Roderick Usher was very mentally ill and disturbed, this rubbed off onto the narrator, making him see things that never happened. Another reason for why the events were imagined, can be found when observing how Poe indicates it is a part of the narrator's dream. In addition, the narrator had been so isolated in that house, so out of touch from reality, that it made him mad, yet another reason for him not being able to distinguish from what was real and what wasn't.
Roderick Usher was a mentally ill man that had trouble seeing reality.
"His voice varied rapidly from tremulous indecision (when the animal spirits seemed utterly in abeyance) to that species of energetic concision - that abrupt, weighty, unhurried, and hollow-sounding enunciation - that leaden, self-balanced and perfectly modulated guttural utterance, which may be observed in the lost drunkard, or the irreclaimable eater of opium, during the periods of his most intense excitement".
Roderick's mood was similar to a user of opium. This rubbed off on the narrator. For example, when I am around someone who has a negative attitude towards the world and is very depressed, I begin to feel that way as well. The "madness" of Roderick rubbed off on the narrator. This caused him to think things happened when they did not. Our narrator even aided in the burial of Madeline, even though she was alive.

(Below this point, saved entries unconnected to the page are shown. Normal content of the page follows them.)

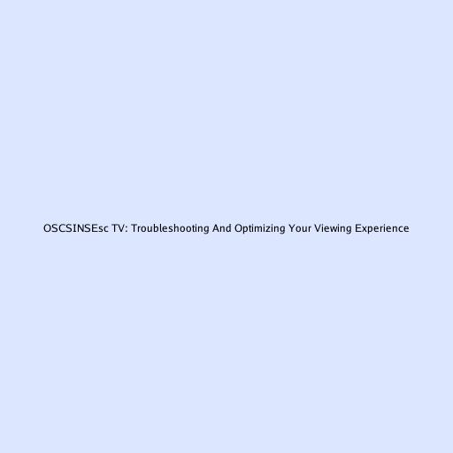 OSCSINSEsc TV: Troubleshooting And Optimizing Your Viewing Experience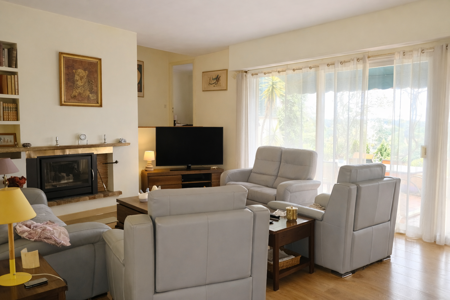 À l’intérieur, vous découvrirez un grand séjour lumineux, permettant de profiter pleinement de la lumière naturelle et du panorama sur un fonds mer et sur le village de Mougins.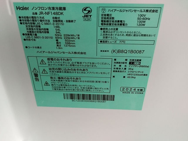 ハイアール JR-NF148DK 2ドア冷蔵庫 黒色 148L『中古美品、使用感無し』2024年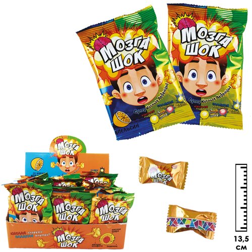 Кислые леденцы Волшебный Кондитер "мозга ШОК" со вкусом Апельсина / 30 штук по 16 грамм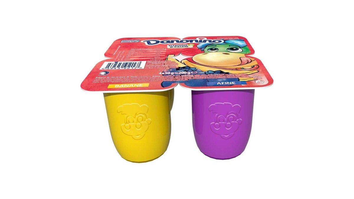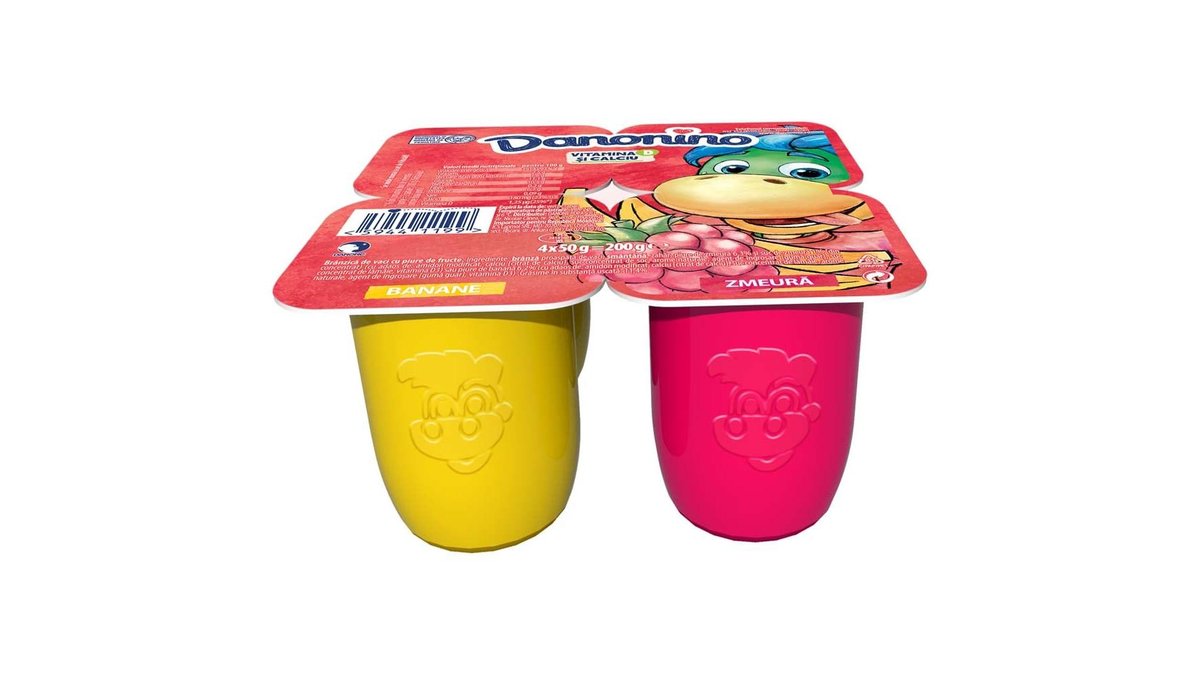 Danonino Branzica de vaci pentru copii cu piure de Banana si Zmeura 4x50g

This is a true sign of madness.
Throughout the work, Poe hinted that the story was a part of the narrator's sub-conscience. He suggested that perhaps it was all a part of the narrator's dream and not reality "Shaking off from my spirit what must have been a dream," said the narrator, the events were too crazy to be real.
Once the narrator stepped foot into the House of Usher, he left society. "The whole mansion and domain there hung an atmosphere peculiar to themselves and their immediate vicinity. "The house was very isolated. The narrator may have very well gone crazy due to limited social contact. People are meant to socialize with other people. Loneliness can definitely drive a person mad to the point that they begin to see things that were never there.
In conclusion, the events that happened throughout this piece were imagined by the narrator. Some believe that the events actually happened and were not a result of the narrator's imagination, but they would be wrong. Due to the reasons listed above, the events were just a figment of the narrator's imagination.